My Lords, my noble friends have been tempted to move into the next group of amendments. I can see why, as bail and detention are so inextricably intertwined, but I will try to resist that temptation. I would say that the question of bail has been raised on successive immigration Bills, and many of us remember that historic repeal by Labour of the clause that would have brought in automatic bail. This issue has a direct bearing on the next group of amendments and the old problem of the inadequacy of initial decisions.
I will simply quote here the words of the highly regarded Detention Forum, which was mentioned by my noble friend Lord Hylton.

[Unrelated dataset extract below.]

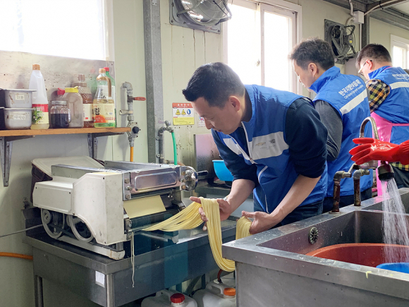 한국지엠 군산공장 퇴직자 자장면 봉사전라매일 기자 / |

It said:
“Given the lack of automatic bail hearings for individuals who have been detained, and without the initial decision to detain being sanctioned by any kind of legal proceeding, the lack of effective case-working has serious and damaging consequences”.

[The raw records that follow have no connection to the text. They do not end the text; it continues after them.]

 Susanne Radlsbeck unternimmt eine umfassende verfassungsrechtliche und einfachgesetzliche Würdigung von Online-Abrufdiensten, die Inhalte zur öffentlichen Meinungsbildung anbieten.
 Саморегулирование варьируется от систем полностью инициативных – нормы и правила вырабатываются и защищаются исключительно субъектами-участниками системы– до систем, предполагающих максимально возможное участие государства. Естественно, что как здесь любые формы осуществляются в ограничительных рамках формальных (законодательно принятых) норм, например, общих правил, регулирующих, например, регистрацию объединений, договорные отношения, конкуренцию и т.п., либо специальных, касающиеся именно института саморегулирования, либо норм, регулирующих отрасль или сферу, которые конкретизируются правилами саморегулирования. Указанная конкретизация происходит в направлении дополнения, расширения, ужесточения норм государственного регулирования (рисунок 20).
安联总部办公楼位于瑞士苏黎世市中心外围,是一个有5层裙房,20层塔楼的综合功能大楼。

I have had some experience of visiting detention centres where there are a lot of patient and courageous visitors who, just like the inmates themselves, have become frustrated with the system. There are some who have committed serious offences but there are genuine migrants and asylum seekers in their hundreds, anxiously awaiting either sentences or appeals for crimes that they have not committed. I understand that in 2014, more than 30,000 individuals were detained but only 12,000 removed. I support the later amendments on the need for a time limit to detention but I will not mention that now. We have already heard the example of Yarl’s Wood and of the work of the Shaw report, so I will leave that for later.